Extracted records
★ ★ ★ ★ ★

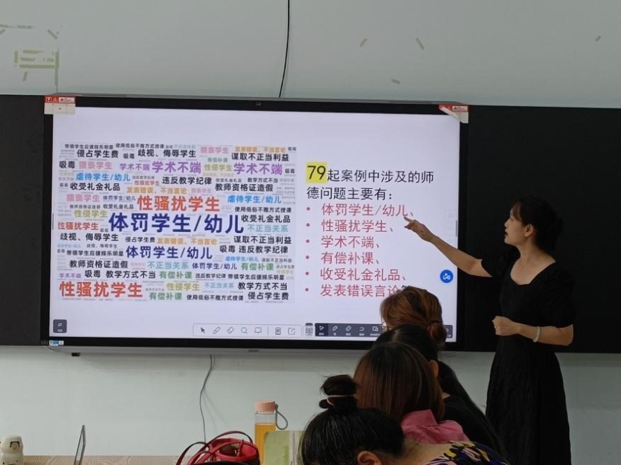9月1日,學(xué)前教育學(xué)院在兒童小劇場召開師德師風(fēng)專題學(xué)習(xí)會(huì)議,教工支部書記張強(qiáng)深入分析教育部公開曝光的違反教師職業(yè)行為十項(xiàng)準(zhǔn)則的典型案例,指出高校教師師德師風(fēng)的常見風(fēng)險(xiǎn)點(diǎn),并結(jié)合《新時(shí)代高校教師職業(yè)行為十項(xiàng)行為準(zhǔn)則》提出風(fēng)險(xiǎn)點(diǎn)防控建議。
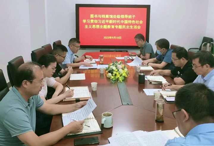 根据校党委《关于召开处级领导班子学习贯彻习近平新时代中国特色社会主义思想主题教育专题民主生活会的通知》要求,9月18日上午,图书与档案馆党总支在第二图书馆第二会议室召开处级领导班子主题教育专题民主生活会,会议由党总支书记史君锋主持,领导班子全体成员参会,学校主题教育领导小组办公室成员单位代表列席会议。
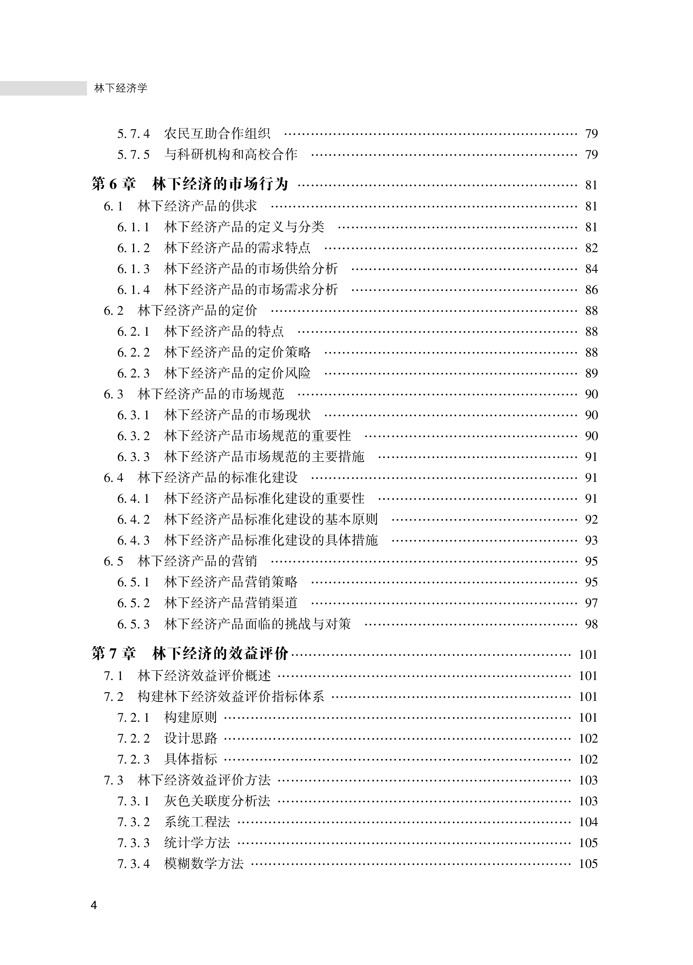内容简介:本书对林下经济的基本理论、研究对象、研究方法、研究范畴和规律、概念和原理等进行了研究,回顾总结了林下经济学的形成与发展、国内外林下经济的发展历史与现状,阐述了林下经济的供求、定价、市场规范、标准化建设和营销等市场行为,以及林下经济的效益评价,论述了林下经济发展的主要任务和保障措施,列举了林下经济发展典型案例。全书比较系统地涵盖了有关林下经济的各方面知识,具有较强的理论性、政策性和实用性。对农林院校师生、科研人员、从事林下经济的企事业单位和个人、林业主管部门有关人员具有重要的参考价值。
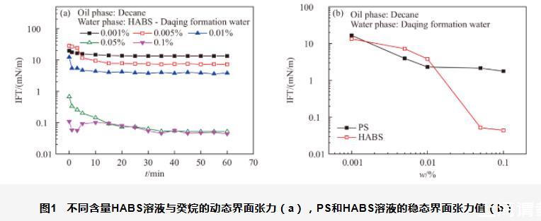 圖1不同含量HABS溶液與癸烷的動(dòng)態(tài)界面張力(a),PS和HABS溶液的穩(wěn)態(tài)界面張力值(b)
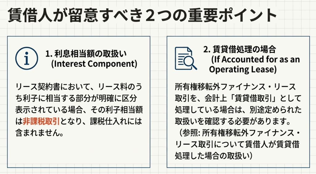 リース契約書の内容を精査し、利息相当額が区分表示されている場合は、その部分を課税仕入れから除外する処理を徹底してください。
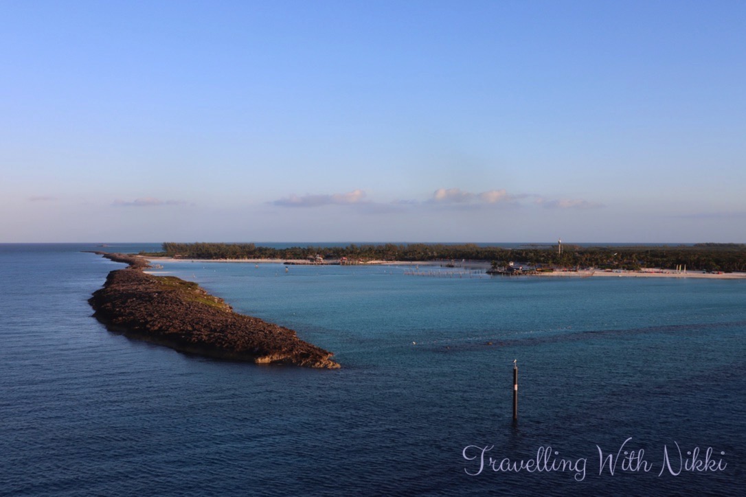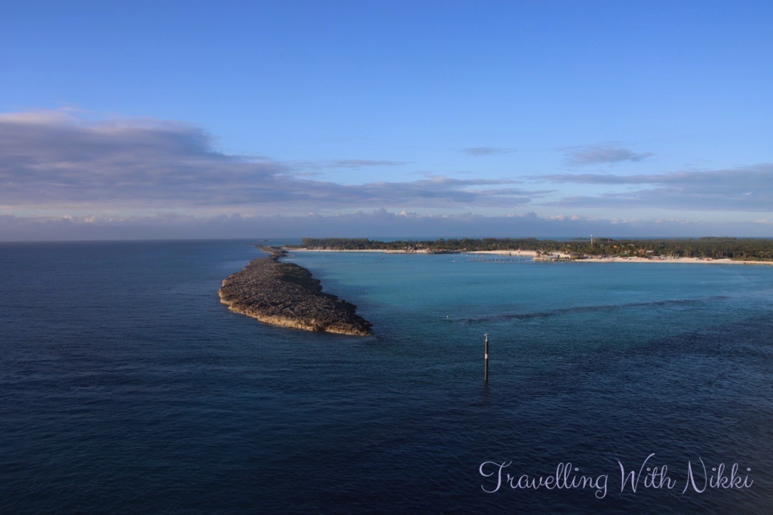 At 7:20am, the Disney Wish started to slowly turn in the water ready to back into the dock and as our stateroom was on the starboard (right) side of the ship, we had the perfect view of Castaway Cay. The sea was so calm that morning (even more than it had been a few days previously) and the When You Wish Upon a Star horn was blasted at 7:50am to signal that we had docked.

★ ★ ★ ★ ★

EXERCISE BRIEF:
What you need to copy is the run of lines from the one holding "圖1不同含量HABS溶液與癸" through the end of the data, exactly and only, both ends included, pictures omitted.

ANSWER TO THIS PROBLEM:
 圖1不同含量HABS溶液與癸烷的動(dòng)態(tài)界面張力(a),PS和HABS溶液的穩(wěn)態(tài)界面張力值(b)
 リース契約書の内容を精査し、利息相当額が区分表示されている場合は、その部分を課税仕入れから除外する処理を徹底してください。
 At 7:20am, the Disney Wish started to slowly turn in the water ready to back into the dock and as our stateroom was on the starboard (right) side of the ship, we had the perfect view of Castaway Cay. The sea was so calm that morning (even more than it had been a few days previously) and the When You Wish Upon a Star horn was blasted at 7:50am to signal that we had docked.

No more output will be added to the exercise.